Can an lvalue reference non-type template parameter be inferred?

12
votes

I have the following code, which I cannot get to work:

struct foo {};
foo foo1 = {};

template <foo& F>
class FooClass {};

template <foo& F>
void foobar(FooClass<F> arg) {
}

int main() {
    FooClass<foo1> f;
    foobar(f);
}

The error is:

main.cpp:14:5: error: no matching function for call to 'foobar'

note: candidate template ignored: substitution failure : deduced non-type template argument does not have the same type as the its corresponding template parameter ('foo' vs 'foo &')

Is it at all possible to infer lvalue reference template parameters? If so, how should it be done?

1
c++templatesc++11language-lawyerlvalue
The error message even contains a typo xD "as the its". Probably not a very common scenario. But I doubt that two compilers get it wrong? (It's rejected by both gcc6.0 and clang3.9)dyp
@101010 Since the argument is a global variable, the "address" of that variable is a constant expression. Or rather, it has a fixed symbol name that can be used to instantiate the template. Similarly, references to variables of static storage duration can be used as template arguments.dyp
This is probably [temp.deduct.type]p17, but it seems overly restrictive in this case: The (observable) type of foo1 as an expression is foo and therefore does not match the type foo& of the template parameter F exactly. Might be a defect in the Standard.dyp
Fwiw, my type_name function (stackoverflow.com/a/20170989/576911) reports the type of f as FooClass<foo1> on both clang and gcc. This represents independently written versions of __cxa_demangle as specified here: mentorembedded.github.io/cxx-abi/abi.html#manglingHoward Hinnant
VS-2015 reports f has type class FooClass<&struct foo foo1>. And it successfully compiles this example.Howard Hinnant

1 Answers

6
votes

This is precisely covered by CWG 2091:

According to 14.8.2.5 [temp.deduct.type] paragraph 17,

If P has a form that contains <i>, and if the type of the corresponding value of A differs from the type of i, deduction fails.

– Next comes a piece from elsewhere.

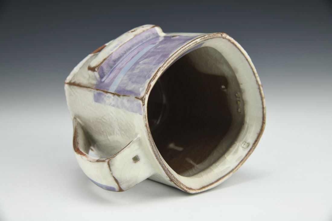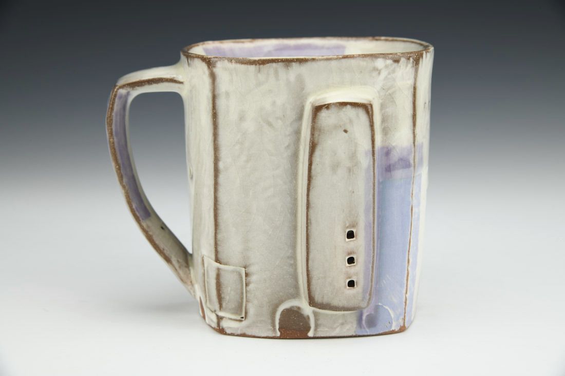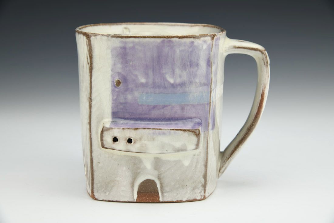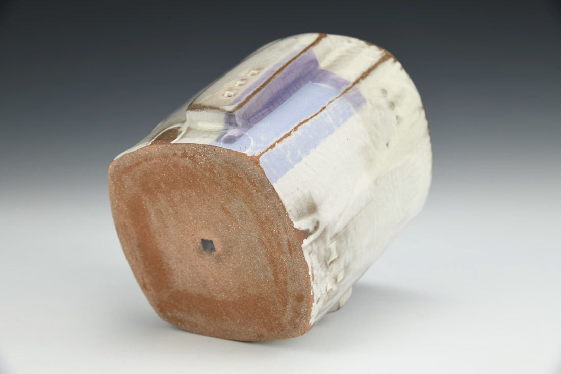 Red earthenware, hand built, resist markings, sanded and polished, porcelain slip, underglaze, glaze, cone 6 oxidation fired, 4.25 x 5 x 4.25 inches.

This gives the wrong result for an example like:

template<int &> struct X;
template<int &N> void f(X<N>&);
int n;
void g(X<n> &x) { f(x); }

Here, P is X<N>, which contains <i>. The type of i is int&. The corresponding value from A is n, which is a glvalue of type int. Presumably this should be valid.

I think this rule means to say something like,

If P has a form that contains <i>, and the type of i differs from the type of the corresponding template parameter of the template named by the enclosing simple-template-id, deduction fails.

As noted by @dyp, [temp.deduct.type]/17 should be more permissive. In your example, the argument in FooClass<F> (F) does not have reference type - it's an lvalue of type foo. The template parameter of FooClass is a reference. The DR was resolved last year.